▶ _Assigned task_: Write out the data below exactly as given, without any of its pictures.

▶ _Dataset section_:
────────

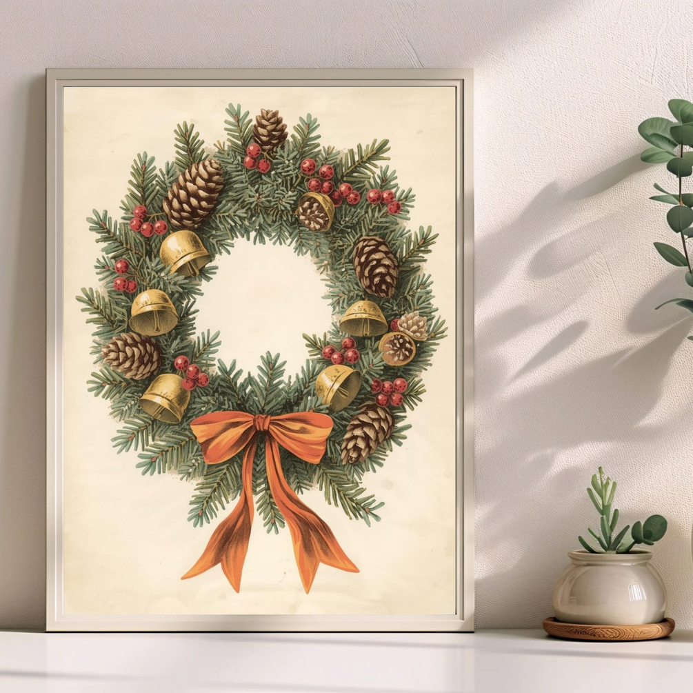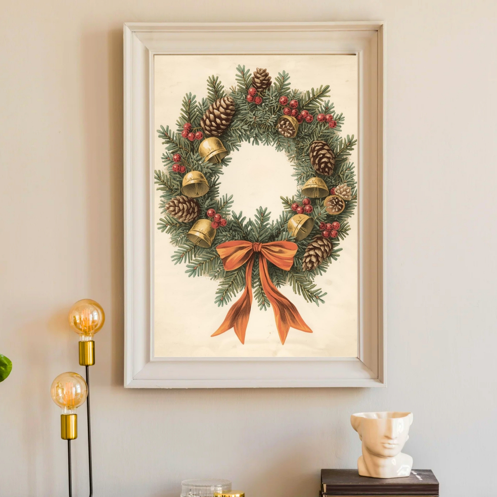 Welcome the spirit of Christmas into your home with this Vintage Christmas Wreath wall art — a timeless symbol of love, unity, and holiday warmth.
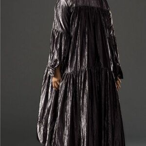 Long-Sleeve V-Neck Metallic High-Low Dress
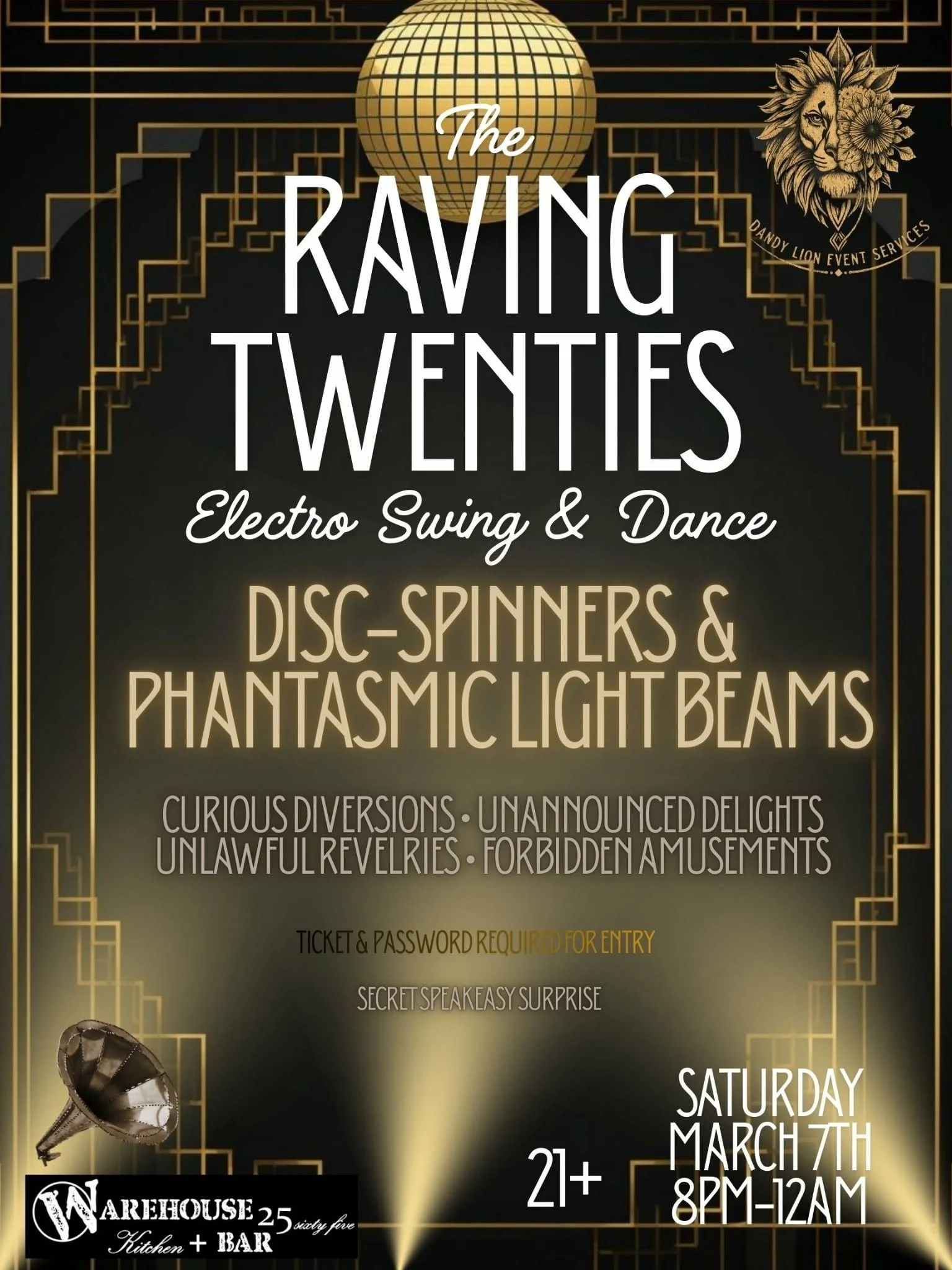 RAVING TWENTIES * Electro Swing & Dance Party Saturday, March 7, 2026 8:00 PM 11:30 PM 20:00 23:30 Google Calendar ICS THIS IS GONNA BE A FUN ONE, so grab some friends and dress to impress and come spend a night with us… CLICK HERE TO PURCHASE Buy Tickets on Eventbrite Buy Tickets

────────

▶ _Response below_:
 Welcome the spirit of Christmas into your home with this Vintage Christmas Wreath wall art — a timeless symbol of love, unity, and holiday warmth.
 Long-Sleeve V-Neck Metallic High-Low Dress
 RAVING TWENTIES * Electro Swing & Dance Party Saturday, March 7, 2026 8:00 PM 11:30 PM 20:00 23:30 Google Calendar ICS THIS IS GONNA BE A FUN ONE, so grab some friends and dress to impress and come spend a night with us… CLICK HERE TO PURCHASE Buy Tickets on Eventbrite Buy Tickets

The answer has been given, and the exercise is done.